Perlakuan tidak adil kemudian didapatkan oleh ketiga kuli kontrak itu. Ketiga kuli kontrak mendapat hukuman pecut. Ayah sebagai demang pun hadir dalam pelaksanaan hukuman ketiga kuli kontrak itu. Sebagai pegawai pemerintahan, mereka harus turut ikut serta dalam semua keputusan-keputusan pemerintah walaupun keputusan itu adalah tindakan yang salah dan tidak adil. Ayah berpesan pada anaknya untuk jangan menjadi pegawai negri.

SIAPA MOCHTAR LUBIS?

Mochtar Lubis lahir di Padang. Ia berasal dari keluarga pamong praja. Satu dari sekian banyak pengalamannya semasa kecil adalah seperti yang tertulis dalam cerpennya ini, Kuli Kontrak. Selain itu, Mochtar Lubis adalah seorang wartawan dan juga seorang pelukis, pembuat keramik, juga menjadi pembicara di berbagai seminar, baik di Indonesia maupun di negara lain. Mochtar Lubis juga merupakan pimpinan Koran Indonesia Raya (1951). Koran tersebut menaruh kontroversi pada zaman Orde Lama maupun Orde Baru sehingga Mochtar Lubis terpaksa ditahan di penjara untuk beberapa waktu.

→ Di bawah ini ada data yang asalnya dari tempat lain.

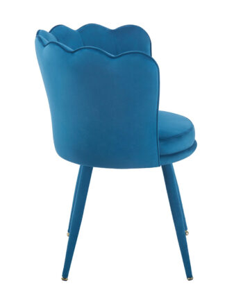 Iris è una sedia dal design originale e distintivo, caratterizzata da uno schienale sagomato con profilo ondulato che richiama la forma di un fiore. L’imbottitura accogliente e il rivestimento in velluto donano comfort e un tocco raffinato, mentre le gambe sottili in tinta, con terminali in metallo dorato, aggiungono eleganza e stabilità.

Sejak 1967, Mochtar Lubis terpilih sebagai Ketua Redaksi Majalah Horison dan juga anggota seumur hidup Akademi Jakarta bersama Sembilan budayawan senior yang lain, seperti Takdir Alisyahbana, Soedjatmoko, Affandi, dan H.B. Jassin.

Romannya Jalan Tak Ada Ujung mendapat penghargaan dari Badan Musjawarah Kebudajaan Nasional (BMKN) telah diterjemahkan ke beberapa bahasa asing, bahkan Senja di Jakarta lebih dulu terbit dalam terjemahan beberapa bahasa asing sebelum diterbitkan di Indonesia dalam bahasa aslinya. Harimau! Harimau! yang diterbitkan Pustaka Jaya pada tahun 1975 juga mendapatkan penghargaan dari Yayasan Buku Utama.

Orang tua Mochtar Lubis adalah seorang pamong praja. Hidupnya pada masa itu tidak jauh dari kaum buruh yang bekerja di perkebunan. Karena kesehariannya tak jauh dari kaum kuli kontrak, kehidupan mereka pun tidak luput dari pengamatan Mochtar Lubis sebagai seorang wartawan muda yang suka menulis pada saat itu.

PERKEBUNAN DELI, KULI KONTRAK, DAN PEMERINTAH KOLONIAL DALAM CERPEN “KULI KONTRAK”

Mochtar Lubis hidup tidak jauh dari kehidupan para kaum buruh kuli kontrak. Di Sumatera, tepatnya di Perkebunan Deli, terdapat kehidupan kuli kontrak yang bisa digambarkan kehidupannya lewat tulisan. Kuli kontrak umumnya bekerja untuk perkebunan tembakau pemerintah kolonial. Pada masa itu, sekitar akhir abad 19 dan awal abad 20, perkebunan yang terkenal adalah perkebunan Deli. Perkebunan itu terletak di tepi sungai Deli, Sumatera Utara.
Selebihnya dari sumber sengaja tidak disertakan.